Here's (almost) everything you need to know about timing your CPU-side code accurately

In the world of computers, everyone cares about things being faster. If you are a gamer, more FPS (frames per second) matters to you. If you are a software developer/engineer, you care that your code is more performant. But, how do you accurately measure the time your code takes to run?

# Introduction

Let us take a simple example. Imagine that you are solving a LeetCode question like the one here. You wrote what you think is a performant code, but when you submit, you see that your code does better than only 20% of the submissions! You frantically try to figure out why the performance of your code is so poor. However, you decide to submit it again (without any modifications), but this time, it shows that it fared better than 70% of the submissions! Umm… What?

Let us delve into why such drastic differences exist. There are four primary reasons why the timing can be so inaccurate

  1. The language you are programming in. Is it compiled or interpreted? Does it have a complex runtime and/or a garbage collector?
  2. How many processes are running in your system at a given time? One? Or a million?
  3. What time unit are you trying to measure, and to what accuracy? Is it of the order of nanoseconds, milliseconds, hours, or days?
  4. What timer mechanisms are you using, and what hardware are you running on?

Let us break down each of these:

# The impact of Languages

Some of you might be fond of C/C++ because of it’s performance, while some others may be fond of Python because of it’s simplicity and versatility. Each one has it’s own pros and cons. However, the choice of language determines a hoard of aspects that impact your timing measurement

# Compiled vs Interpreted

While I have tried to cover the Compiled vs Interpreted argument here, let us discuss why it impacts the timing measurement.

Compiled code is a native (or close to native in the case of Java, WASM, etc.) binary, meaning that it is already in the forms of 0s and 1s that the computer can understand. So, in this case the code executes as it is, without any additional logic (which you have not written or imported). However, in the case of an interpreted language, the code is in the human-readable syntax (e.g. Python or JS), and is parsed line-by-line and converted to machine code. Thus, additional time and variability are introduced due to the extra code for the parser/translator.

Language Your code Machine Code
C
int a = 10; 
int b = 20;
int c = a + b
mov $10, %%r15 # Move 10 to register 15 
mov $20, %%r14
add %%r13, %%r14, %%r15 # Add r14 and r15, place the resule in r13
Python
a = 10 
b = 20
c = a + b
# Multiple lines to parse c = a + b and generate the rest of this code 
mov $10, %%r15 # Move 10 to register 15
mov $20, %%r14
add %%r13, %%r14, %%r15 # Add r14 and r15, place the resule in r13

The additional code is dependent on the length of the lines in your code, alongside other factors.

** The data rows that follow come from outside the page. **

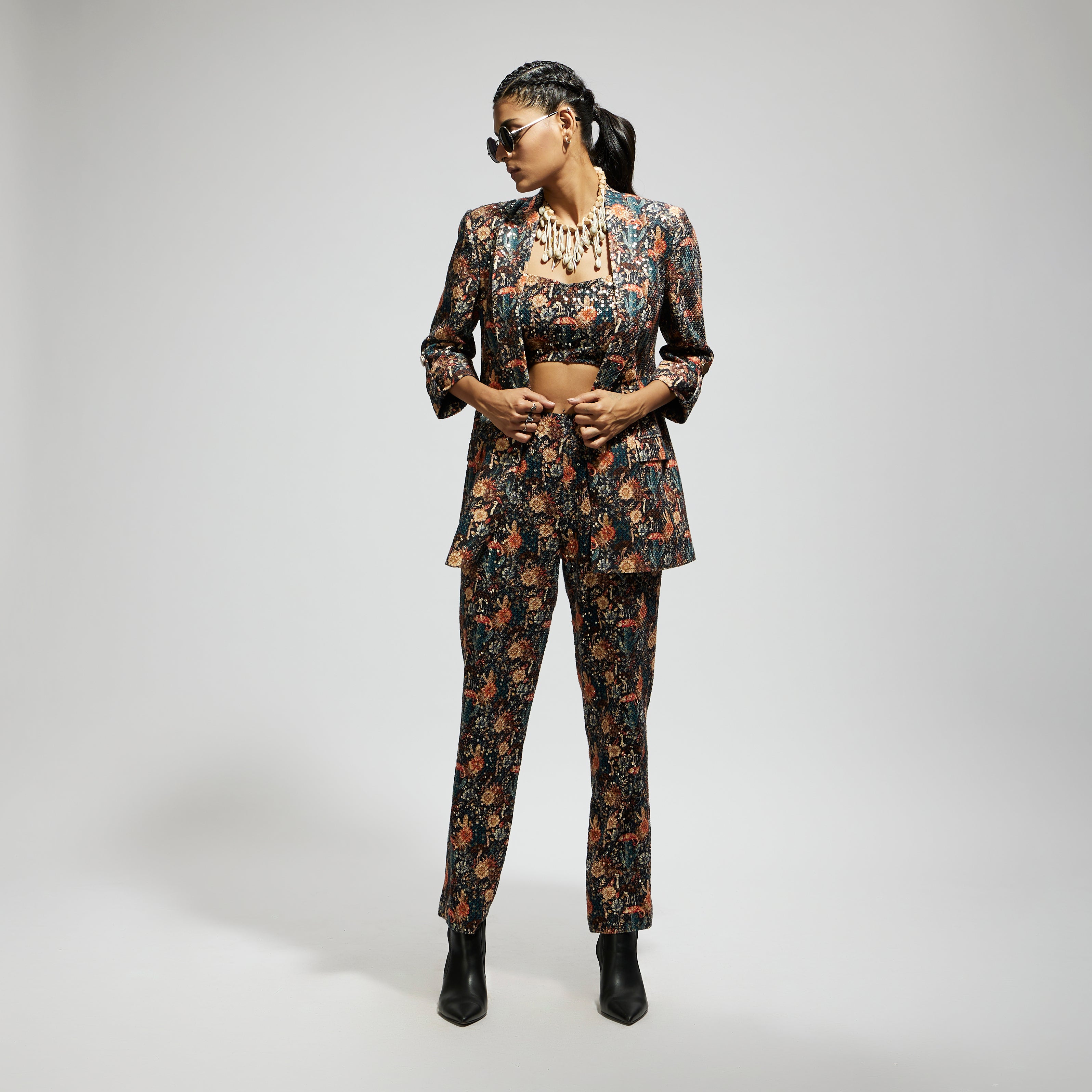 BLACK JAAL EMBELLISHED BLAZER SET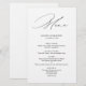 Menu mariage de calligraphie noire, idéal pour un mariage moderne et minimaliste romantique. Le design présente une typographie élégante et charmante sur un arrière - plan blanc à l'allure simple et propre. Veuillez me contacter pour toute aide sur la personnalisation ou si vous avez besoin d'un autre produit avec ce design.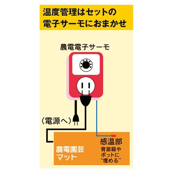 ※別売りの「農電園芸マット(追加用)」を使用する場合、サーモ1台で1000Wまで接続できますが、2枚以上接続する場合は電気工事店へご相談ください。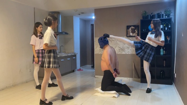 分辨率:1920*1080 超清 横屏 内容:三名身穿JK制服的女孩,以校园霸凌的方式欺辱一个蠢笨胖男生,强制其站立和跪下,三双硬质皮鞋的脚交替轮番的轰在头部上,即使带着防护头套,那击打的冲击力也是让男生几乎脑震荡般的击打感,几乎20分钟连续持续的头部暴踢,之后又进行了强制踢裆和腿绞虐乳,最后三位美女合力将男生踢昏死过去,踩着他自拍为乐,场面真的是暴力与美丽的交织。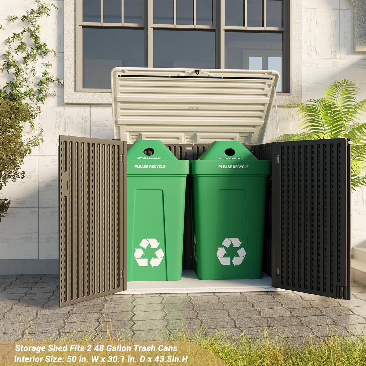 • 【Larger Capacity for Outdoor Storage】— External Size: 53.2 in. W x 34.3 in. D x 47.1 in. H; Interior Size: 50 in. W x 30.1 in. D x 43 in.H, Capacity: 48 Cubic Feet.This upgraded larger storage shed more perfectly store outdoor items, such as trash cans, garden tools, firewood and more suitable for all kinds of occasions: indoor, outdoor,balcony, yard, garden, street, etc.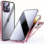 覗き見防止 iPhone 13用 ケース ロック付き アルミ バンパー メタルフレーム スマホケース 強化ガラスフィルム 一体型レンズ保護 マグネット式アイフォン13 両面ケース,ピンク |

This makes your code more prone to variation in timing.

# Complex Runtime and Garbage Collection

A lot of managed languages like Go or Java have complex runtimes. The runtimes track each memory allocation and variable to check when it goes out of scope. They dynamically delete the memory associated with such variables to ensure reduced RAM utilisation. They may also perform some runtime checks on the bounds of the arrays or other elements you are accessing, or do more complex tasks. However, all of this consumes CPU time.

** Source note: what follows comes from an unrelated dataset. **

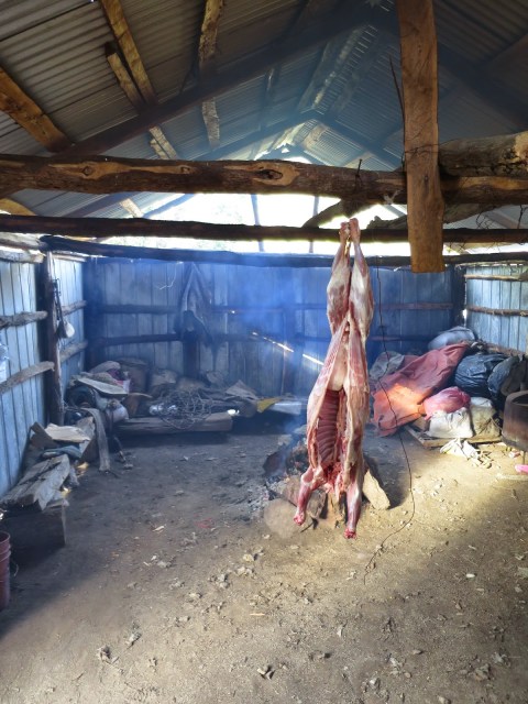 The Valley is inhabited by three farmers, a large number of cows, sheep and most importantly horses. Pascual had radioed ahead, and we were met by Louis, who had agreed to provide transport for our equipment. Once it had been established that we were definitely not keen on getting onto some particularly frisky looking horses the bags were loaded up and we were on our way. Following a few hours walk we spent our first night in the valley camped at Louis’ farm, complete with a freshly slaughtered and spit-roasted goat supper.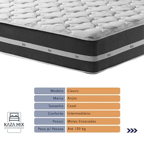 O conforto que sua casa precisa e a qualidade que você merece está na Kazamix!Descubra o Colchão Classic da Anjos, a combinação perfeita de funcionalidade, conforto e durabilidade. Com design clean e moderno, sua superfície plana proporciona um toque de elegância ao ambiente, enquanto as molas ensacadas garantem um suporte individualizado, ideal para um descanso tranquilo e sem transferência de movimento.Este modelo oferece conforto intermediário, adaptando-se às mais variadas preferências. Com tratamento antiácaro e antialérgico, o Classic cria um ambiente mais saudável e seguro para o seu sono. Um colchão de alta densidade que une qualidade e custo-benefício, perfeito para quem valoriza bem-estar e sofisticação. Transforme suas noites com o conforto que você merece!Modelo: Classic 26 PretoMarca: AnjosTamanho: CasalDimensões: 138x188X26 (Largura x Comprimento x Altura)Conforto: IntermediárioSistema: Molas ensacadas Pillow: Não se AplicaPeso Máximo recomendado: 130 kg (Por pessoa)Proteções: Antiácaro, antialérgico, antifungo, antimofoGarantia: 1 ano pelo FabricanteO conforto que sua casa precisa e a qualidade que você merece está na Kazamix!Eleve o conforto e a sofisticação do seu quarto com a Cama Box!Produzida em madeira de reflorestamento reforçada, a Cama Box combina qualidade, durabilidade e um design elegante, que confere leveza e modernidade ao seu dormitório. Sua estrutura robusta suporta até 150 kg por pessoa, garantindo a sustentação perfeita para o colchão e prolongando a vida útil do produto.Com uma altura ergonômica, ela oferece maior conforto ao deitar e levantar, enquanto o acabamento de alta qualidade se adapta a qualquer estilo de decoração, unindo praticidade e estilo.Não perca tempo! Adquira agora mesmo a sua Cama Box e transforme seu dormitório com conforto e elegância.Marca: KazaMixModelo: BoxCor do Box: MarromTamanho: CasalDimensões: 138X188X35 (Largura x Comprimento x Altura) Estrutura: MadeiraPeso máximo recomendado: 150 kg (Por Pessoa)Altura do Box: 25 cm Altura dos Pés: 10 cm Altura total: 35 cm Garantia: 03 mesesSelo Ecologicamente CorretoAtenção: Antes de finalizar sua compra, certifique-se de que as dimensões do produto sejam adequadas para serem transportadas pelos elevadores, portas, escadas e corredores de sua residência. Ressaltamos que não nos responsabilizamos pelo transporte do produto por meios específicos, como escadas, guinchos ou içamentos.

So, imagine that you are trying to run a code that should finish in 1us, but in the middle of the code, the runtime decides that your task is not important, and that running the garbage collector is more important! So, it pauses your code, runs the GC, which takes ~5us, and then switches back to your code. If you compare “wall-clock” time, it took 6us instead of 1us for your code to result in an output.

The higher the complexity of the runtime, the harder it is to determine what contributes to the extra time and the variability in the timing.

# Impact of other processes/threads

Unless you are hand-writing an entire bare-metal software with no dependencies, there will always be some other piece of code running on the system apart from yours. This could be some other processes that you have run (e.g. your browser), or a process run by another user, or the operating system itself.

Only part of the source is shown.